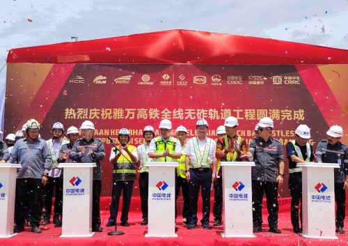 此前,中国电建雅万高铁项目部于2021年12月29日成功铺设雅万高铁全线首块CRTSⅢ型板式无砟轨道轨道板,并全线率先完成管段无砟轨道工程;各参建单位分工协作,已于2023年2月12日完成雅万高铁8组高速无砟道岔铺设。
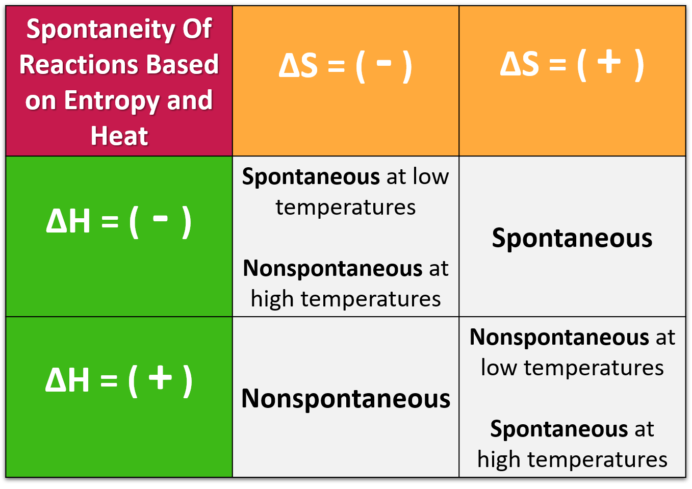 | \( \mathrm{\Delta H} \) | \( \mathrm{\Delta S} \) | Temperature Dependence | Thermodynamic Favorability |
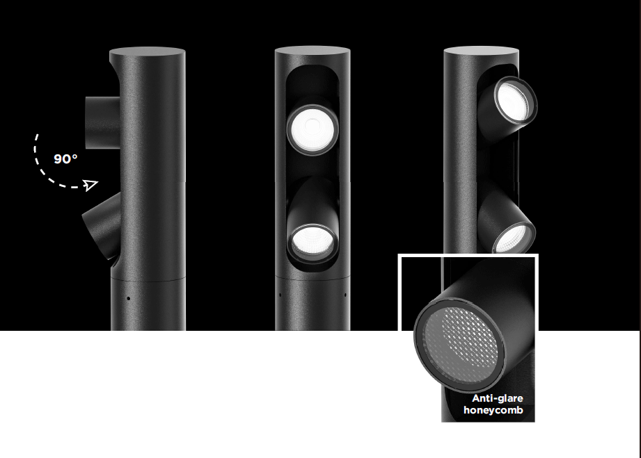 - โคมไฟเสาสนาม ปรับมุมส่องได้ เช่นหัวโคมที่1ปรับส่องต้นไม้สูง หัวโคมที่สองปรับส่องพื้นทางเดิน
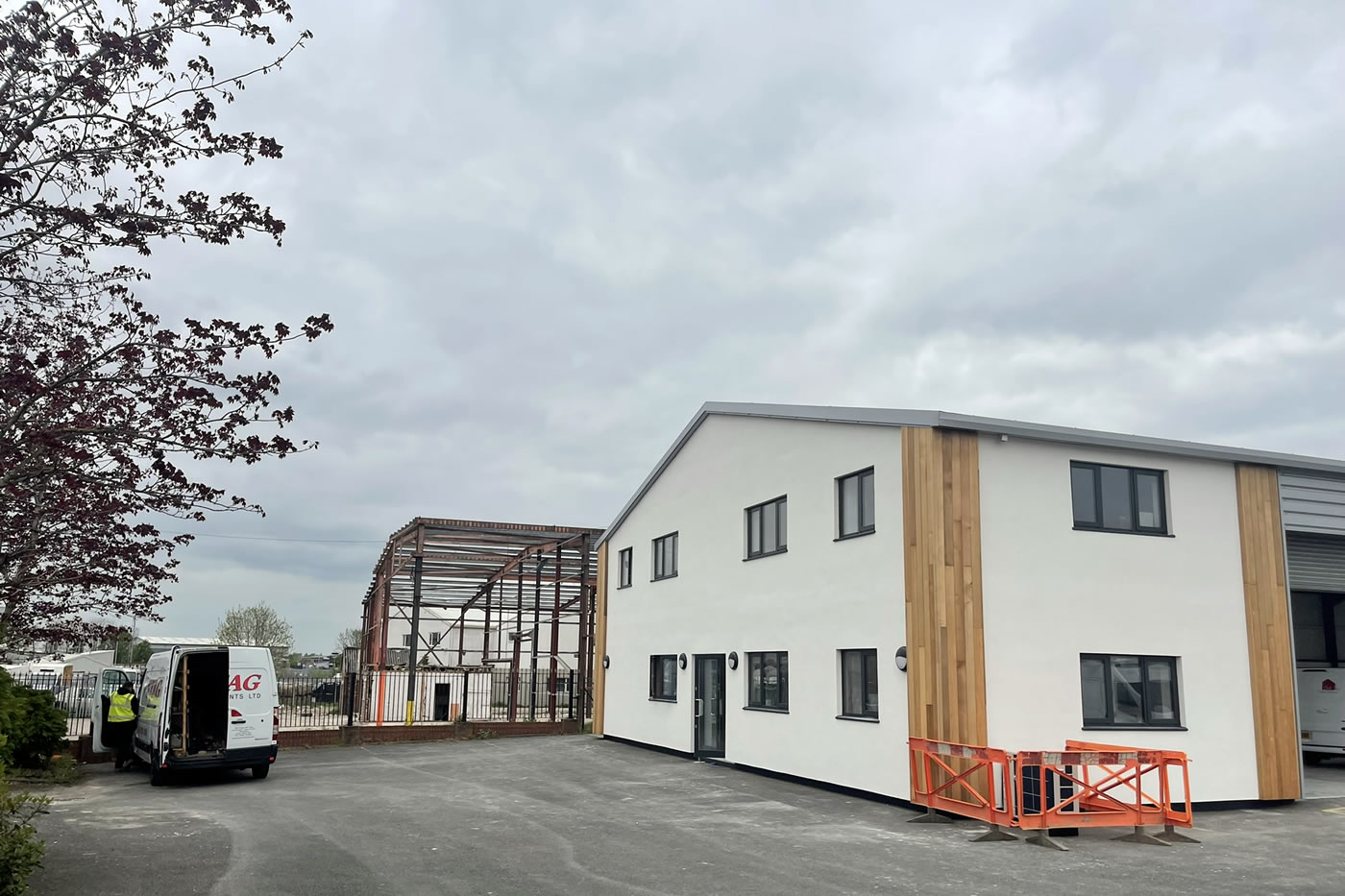 Internal and external refurbishment of a vacant industrial unit based on both landlord and ingoing tenant requirements. External works included replacement built up roofing and vertical cladding, aluminium windows and doors, insulated sectional doors, through colour render, cedar cladding and decorations to existing brickwork. Full replacement of the internal warehouse floor slab was required to suit tenant requirements along with new amenity areas, decorations and full fit out.
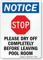 Remind pool users to dry off completely before leaving the pool area with this OSHA Notice Sign.
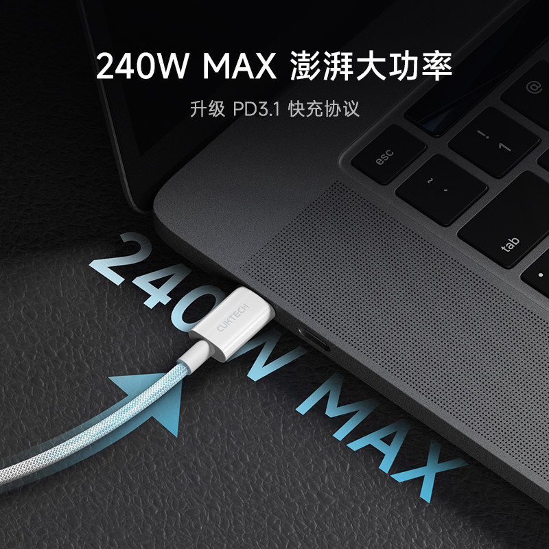 CUKTECH酷态科5A数据线C-C快充线公对公240W充电编织线适用于小米14 Pro华为Macbook笔记本Switch安卓手机17
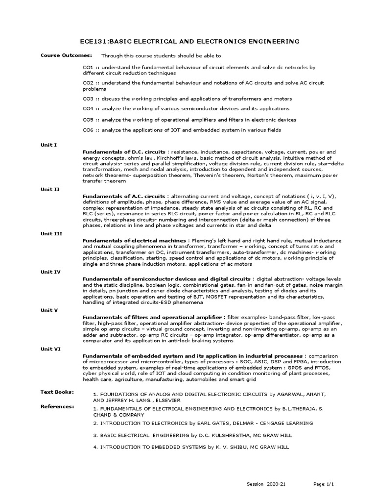 ECE131:BASIC ELECTRICAL AND ELECTRONICS ENGINEERING
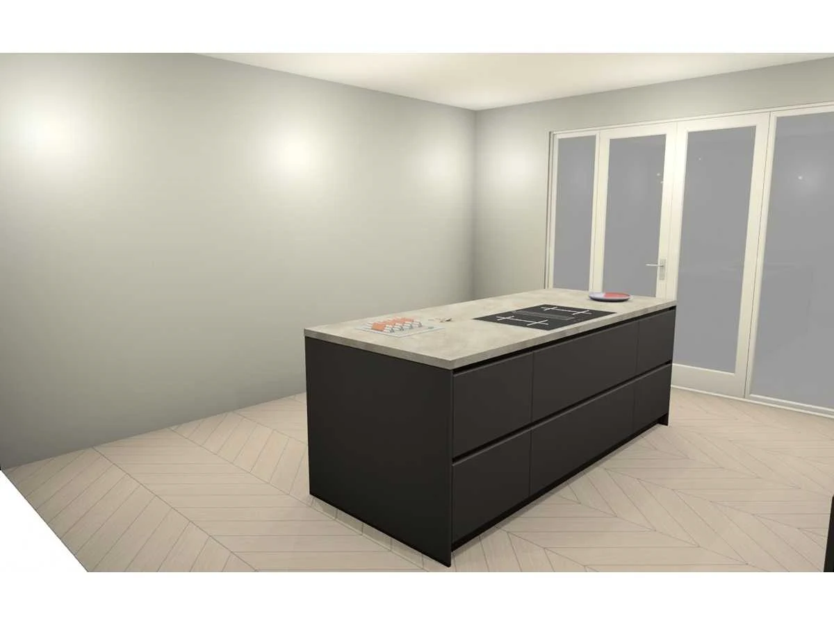 Miele KMDA7473FR-U Inductiekookplaat inclusief afzuigsysteem, 4 kookzones, 2 flex zones, 80cm. Let op! Staat niet opgesteld in de showroom, enkel via 3D tekening; wordt geleverd ongebruikt in doos. Let op! Excl. Kraan en accessoires. Nee Merk: Häcker Concept130 Model: TOP SOFT-GL grafiet mat lak Type keukenopstelling: Eiland Lengte: 270cm Breedte: 60cm Hoogte: 218cm Gootsteen: Reginox amsterdam 50 pure black Pure opbouw Werkblad hoogte: 92cm Aanrechtblad: HPL kalksteen repro (115) 3.8cm Softclose: true Oven: Miele H7240BMCLST Compacte multifunctionele oven met magnetronfunctie PureLine, inhoud 43 liter, nis 45cm Vaatwasser: Miele G5150SCVI Volledig integreerbare vaatwasmachine met 5 reinigingsprogramma's waaronder QuickPowerWash, 3 opties, capaciteit 14 couverts, geluidsniveau 45 dB(A) Lengte kookeiland: 244cm Breedte kookeiland: 100cm Hoogte kookeiland: 92cm Plintkleur: grafiet mat Hoofdkleur: grafiet mat lak Style: Modern greeploos Kleur: grafiet mat lak
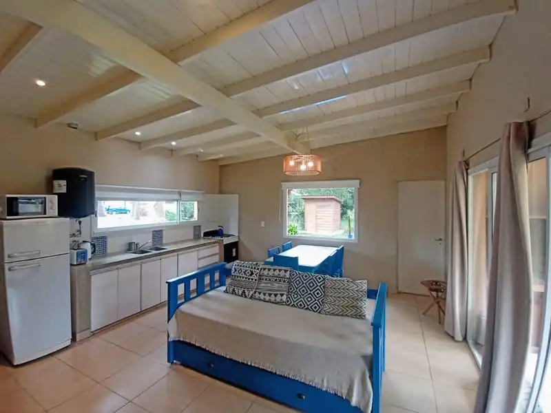 Alquiler temporario casa en La Caleta , pegado a Mar de Cobo a 30 km de Mar del Plata , a 800 mts del mar y 200 mts del arroyo , para 5 personas, 2 habitaciones, smart tv 32, y tv LED , WI FI , directv, parrilla, estufa a leña, caloventores y turboventiladores , heladera con freezer, cocina con horno , microondas , pava y tostadora eléctrica, parrilla y patio semicubierto , reposeras , vajilla completa, entrada de auto, sobre un lote propio parquizado de de 405 mts2 propios sin lugares comunes que compartir
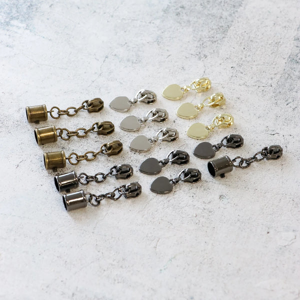 Can't decide on which zippers and pulls to choose? Shop our community top-picks and dreamy zipper bundles to complete your collection! 1 Yard is included of each of the five zipper tapes. These are #5 Zippers. There are 15 total zipper pulls included.
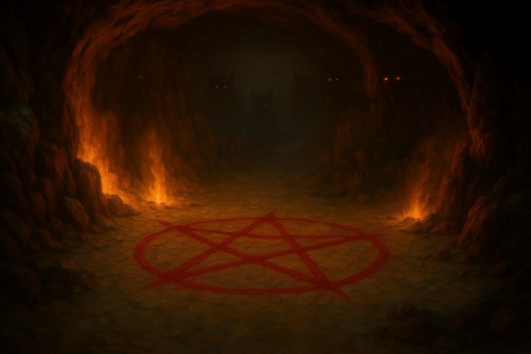 La chaleur du Hall était suffocante, presque vivante. Au sol, une immense étoile à cinq branches peinte avec du sang dominait le temple démoniaque. Rien ici n’invitait à rester, sauf mon démon qui me parlait et me disait que j'étais là ou je devais être. L’impression d’être épié ne venait pas d’un couloir ou d’une ombre — elle venait du lieu lui-même. Le pentacle existait déjà dans le Hall, ancien, fixe, chargé d’une puissance primitive. Et quelque part ailleurs dans ce même Hall se dressait le temple que nous avions décidé de profaner. Notre objectif n’était pas de créer ces lieux… mais d’établir une liaison entre eux pour faire venir quelque chose des enfers profonds : un artefact scellé, une relique oubliée, un monstre mythique, peut-être même un dieu des abîmes.
———
ACTIVITY — Transcribe exactly, please, the lines between the start of the records above and the line holding "Miele KMDA7473FR-U Inductiekookplaat", counting both of those lines and omitting pictures.

RESPONSE TO THE EXERCISE —
 此前,中国电建雅万高铁项目部于2021年12月29日成功铺设雅万高铁全线首块CRTSⅢ型板式无砟轨道轨道板,并全线率先完成管段无砟轨道工程;各参建单位分工协作,已于2023年2月12日完成雅万高铁8组高速无砟道岔铺设。
 | \( \mathrm{\Delta H} \) | \( \mathrm{\Delta S} \) | Temperature Dependence | Thermodynamic Favorability |
 - โคมไฟเสาสนาม ปรับมุมส่องได้ เช่นหัวโคมที่1ปรับส่องต้นไม้สูง หัวโคมที่สองปรับส่องพื้นทางเดิน
 Internal and external refurbishment of a vacant industrial unit based on both landlord and ingoing tenant requirements. External works included replacement built up roofing and vertical cladding, aluminium windows and doors, insulated sectional doors, through colour render, cedar cladding and decorations to existing brickwork. Full replacement of the internal warehouse floor slab was required to suit tenant requirements along with new amenity areas, decorations and full fit out.
 Remind pool users to dry off completely before leaving the pool area with this OSHA Notice Sign.
 CUKTECH酷态科5A数据线C-C快充线公对公240W充电编织线适用于小米14 Pro华为Macbook笔记本Switch安卓手机17
 ECE131:BASIC ELECTRICAL AND ELECTRONICS ENGINEERING
 Miele KMDA7473FR-U Inductiekookplaat inclusief afzuigsysteem, 4 kookzones, 2 flex zones, 80cm. Let op! Staat niet opgesteld in de showroom, enkel via 3D tekening; wordt geleverd ongebruikt in doos. Let op! Excl. Kraan en accessoires. Nee Merk: Häcker Concept130 Model: TOP SOFT-GL grafiet mat lak Type keukenopstelling: Eiland Lengte: 270cm Breedte: 60cm Hoogte: 218cm Gootsteen: Reginox amsterdam 50 pure black Pure opbouw Werkblad hoogte: 92cm Aanrechtblad: HPL kalksteen repro (115) 3.8cm Softclose: true Oven: Miele H7240BMCLST Compacte multifunctionele oven met magnetronfunctie PureLine, inhoud 43 liter, nis 45cm Vaatwasser: Miele G5150SCVI Volledig integreerbare vaatwasmachine met 5 reinigingsprogramma's waaronder QuickPowerWash, 3 opties, capaciteit 14 couverts, geluidsniveau 45 dB(A) Lengte kookeiland: 244cm Breedte kookeiland: 100cm Hoogte kookeiland: 92cm Plintkleur: grafiet mat Hoofdkleur: grafiet mat lak Style: Modern greeploos Kleur: grafiet mat lak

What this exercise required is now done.